- A bit of social validation adds 22% to onsite time
- 2010-07-02: We all want to belong, to fit in. It's an unconscious drive in everyone.
- That's why testimonials and onsite reviews work.
- It works even better if there's some immediacy.
- So just above the footer on The Paragon's page, I wrote the code for it to say "There are 3 people viewing this site right now, looking at: prices ~ find-us ~". Now, I know it's a mess and I have to tidy up all that stuff in the footer, too, but it still does the job: 20% more pages viewed, 23% more time on the site. And it took maybe a couple of hours to write.
- Now, social validation works better if you think the other people are more like you.
- So imagine when we work out how to fully integrate Facebook across the web, we'll be able to see what our friends think of sites. There are big movements in this direction, Google is working on it too, so watch this space .. the Internet is set to become much more crowdy.
- The beauty, though, of the Paragon paragraph is that visitors don't have to do anything.
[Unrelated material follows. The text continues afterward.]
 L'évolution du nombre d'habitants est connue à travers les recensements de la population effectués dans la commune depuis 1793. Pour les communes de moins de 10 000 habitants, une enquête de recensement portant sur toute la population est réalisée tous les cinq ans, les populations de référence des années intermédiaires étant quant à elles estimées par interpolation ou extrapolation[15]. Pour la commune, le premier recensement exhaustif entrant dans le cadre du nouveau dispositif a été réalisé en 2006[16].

Asking people for a review of your site is a non-starter, people aren't in that mode, they want what they want and are adept at clearing away obstacles. But the BBC had a nice idea about how to improve the navigation on their site .. they wanted automatically to watch users' navigation patterns to adapt the site's menus and links so that people 'wear a path' through the site much like the way ancestral forest pathways formed. It's not quite social validation, that, but gets close if people realise that they are using popularity-driven navigation.
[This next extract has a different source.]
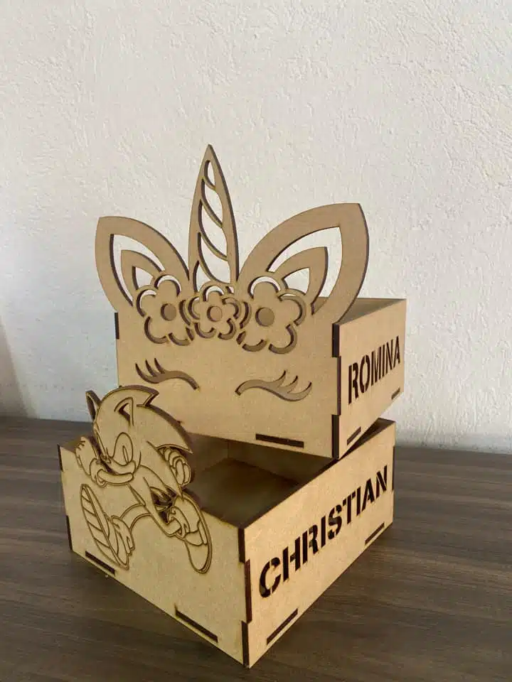 Te compartimos un vector descargable para reproducir el diseño de una caja dulcera, decorada en la cara frontal con una cara de unicornio. Es personalizable con un nombre en su costado.

- From your point of view today: get a coffee, a biscuit, a pen and some paper, find a quiet corner and take ten minutes to think how you can use social validation on your website. Comments? A forum? Facebook button? Twitter button? Navigation improvements? Word cloud? Forget whatever limitations you think there are on your site, just let your mind wonder how you might harness social validation. If it improves your website by a quarter, it might be worth spending a little on getting it implemented.